• _Information provided_

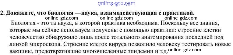 Готовые домашние задания по Биологии за 9 класс Учебник Пономарева, Корнилова 2019 - §1. Биология — наука о живом мире 2
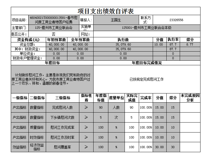 2.春节慰问原工商业者特困户经费项目绩效自评报告:根据年初设定的绩效目标,项目绩效自评得分为8.77分。全年预算数为4万元,执行数为3.51万元,完成预算的88%。项目绩效目标完成情况:一是慰问原工商业者全覆盖,慰问人数100%;二是及时准确把慰问款拨付到慰问对象。发现的主要问题及原因:一是慰问人员比较分散,时间上比较紧;二是没有做到全部上门开展慰问工作。下一步改进措施:一是提前做好慰问准备工作;二是把慰问路线细化,做到全部上门开展慰问工作。
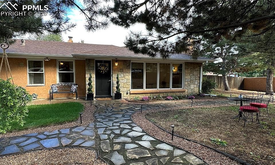 Welcome to this beautifully-updated Skyway home, offering main level living for multiple generations. This turn-key residence offers an exceptional blend of 1948 charm and quality with modern comforts and conveniences. You will enjoy thoughtful updates throughout, from the custom gourmet kitchen to luxurious touches like toasty bathroom floors and en suite laundry in the primary bedroom. Set on an extra-large and private lot with nearly as many features as the house.... automatically-watered raised garden beds, a expansive composite deck, relaxing spa, wandering pathways and gardens and plenty of room for your personal additions (fresh eggs anyone?). This rare combination of features provides comfort and flexibility like nothing else in 80906. Updates include high-end kitchen and bathroom remodels, electrical service, HE furnace, water heater, water supply line, composite deck.

• _Work instruction_
Only the lines from the start of the material through the line containing "2.春节慰问原工商业者特困户" should be transcribed. Pictures stay out.

• _Response to this exercise_
 Готовые домашние задания по Биологии за 9 класс Учебник Пономарева, Корнилова 2019 - §1. Биология — наука о живом мире 2
 2.春节慰问原工商业者特困户经费项目绩效自评报告:根据年初设定的绩效目标,项目绩效自评得分为8.77分。全年预算数为4万元,执行数为3.51万元,完成预算的88%。项目绩效目标完成情况:一是慰问原工商业者全覆盖,慰问人数100%;二是及时准确把慰问款拨付到慰问对象。发现的主要问题及原因:一是慰问人员比较分散,时间上比较紧;二是没有做到全部上门开展慰问工作。下一步改进措施:一是提前做好慰问准备工作;二是把慰问路线细化,做到全部上门开展慰问工作。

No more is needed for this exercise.